Yet, [Briars and Resnick's paper] was the only independent research that demonstrated significant positive results for the Everyday Math program for a number of years. During this period district curriculum developers relied on [Briars and Resnick's paper] to justify choosing the program, and, today, EM is used by almost 20% of our students. Likewise [Riordan and Noyce's paper] was the only research accepted by [the U.S. Department of Education's] What Works Clearinghouse in their initial reports that showed positive effects for the elementary school program ``Investigations in Number, Data, and Space,'' which today is used by almost 10% of our students.
As Milgram notes:
Between one quarter and 30% of our elementary school students is a huge data set. Consequently, if these programs were capable of significantly improving our K-12 student outcomes, we would surely have seen evidence by now.
And to pretend that such evidence exists when it doesn't is nothing short of educational malpractice.

7 comments:

SteveH said...

Thanks for the update.

I had the What Works Clearinghouse data for EM thrown in my face long ago. I replied that the results were marginal at best. Even if the school didn't have the WWC data, they would have kept EM. This was the school where a number of bright fifth graders still didn't know the times table. The teacher had to NOT trust the spiral to remediate. She didn't cover 35% of the EM material by the end of the year but sent a letter home claiming victory over critical thinking and problem solving.

Whatever.

Laura in AZ said...

Nothing like having the results decided on before your data is even collected. *rolls eyes* This is probably only the tip of the iceberg, unfortunately.
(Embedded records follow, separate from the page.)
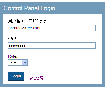 输入域名注册email(与本站注册email相同),输入登录密码(初始密码为本站账号密码)登录。如忘记密码,可找在线客服取回(发送到您的注册邮箱)。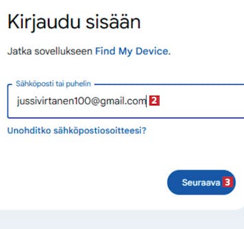 Avaa selain ja siirry sivulle google.com/android/find. Napauta Kirjaudu sisään -painiketta 1.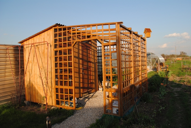 Вот допустим декоративный колодец над кранами подачи воды на участок.и маленький сарайчик для хозинвентаря с решетками для плетущихся растений.
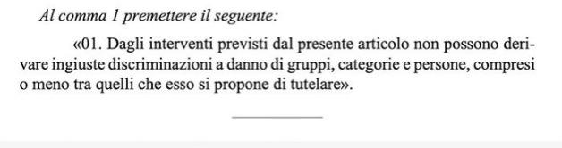 Un altro degli emendamenti chiede di sostituire i primi due articoli con questo: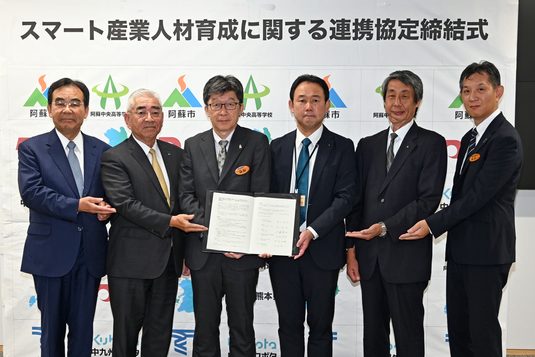 熊本キャンパスと阿蘇くまもと臨空キャンパスではこのほど、企業や行政、地元高校とスマート産業人材育成に関する連携協定を締結しました。ロボット技術やICTなどを活用したスマート農機の研究・開発などに取り組む株式会社中九州クボタが中心となり、熊本県阿蘇市、熊本県県北広域本部阿蘇地域振興局、県立阿蘇中央高校、熊本・臨空両キャンパスが参画するものです。同校でのスマート産業に関する教育活動を充実させるとともに、阿蘇市および熊本県における将来のスマート産業人材の育成に資することなどを目的としています。

When my daughter's Parochial school switched math curriculum's to one of these "fuzzy" math ones, that, along with several other issues, is one of the contributing reasons for pulling her out and starting to homeschool her. We started with Saxon and it worked for about 1 1/2 years, but then we had to go to a more regular, though traditional math curriculum (Abeka) which stays on one subject longer, but still has lots of review. Though I still do the Saxon drills with her.

Student of History/Robin said...

Katherine-

Couple of points. The first is that the references to "Standards" are not content standards but the Standards for Teaching and Learning created in Chicago in the early 90s. Standards became a euphemism for outcomes after OBE after OBE became controversial. Keep the practices. Change the name to make the heat die down.

This matters a lot because President Obama on multiple occasions has said those Chicago standards which he was involved in as part of the Chicago Annenberg challenge are the real common core. The Hewlett Foundation has also corroborated that.

I did not realize that Jo was now at Stanford as well. The Ed school there has basically put together a team to implement the Effective Schools research and get around all the obstacles turned up that varied implementation at the school and classroom level in that 1973-1978 Rand Change Agent research study.

Third, on Common Core which incorporates the CPM work in the assessments that are to be so much a part of the implementation, it's the assessments that are to drive the classroom. That's why what is going on in Texas and Virginia mirrors the other states. STAAR for example is based on Norman Webb's OBE based Depth of Knowledge. McTighe and Wiggins and their Understanding by Design is the model for the kind of performance assessments to be used. That's performance as in activities and behaviors and tasks. Most collaborative. UbD drives most of the teacher training now in Texas.

The tip in your post Katherine that tells me where to look additionally is the Resnick link. Lauren is forever ground zero for what is really going on. Has been for decades.

What is educational malpractice to us is just Dewey's Social Reconstruction and a different purpose for education if you are Boaler or Resnick.

Remember that CPM was created at Michigan State. Same place that conducted the Effective Schools research in the first place.

SteveH said...

Math curricula can always come up with statistics to make them look good over the average of all schools. I was just looking at some of CPM's data. There is also the issue of showing relatively better results, but ignoring huge absolute or systemic problems.

CPM has a curriculum that potentially gets a student into a calculus course that "Covers all content required for the AP Calculus Test – both AB and BC." AP at least keeps them honest at the top end, but what happens in the lower grades before the big math track split? How many more kids does it get to the pre-calc or calculus level? How many of the kids on the upper track get help at home or with tutors?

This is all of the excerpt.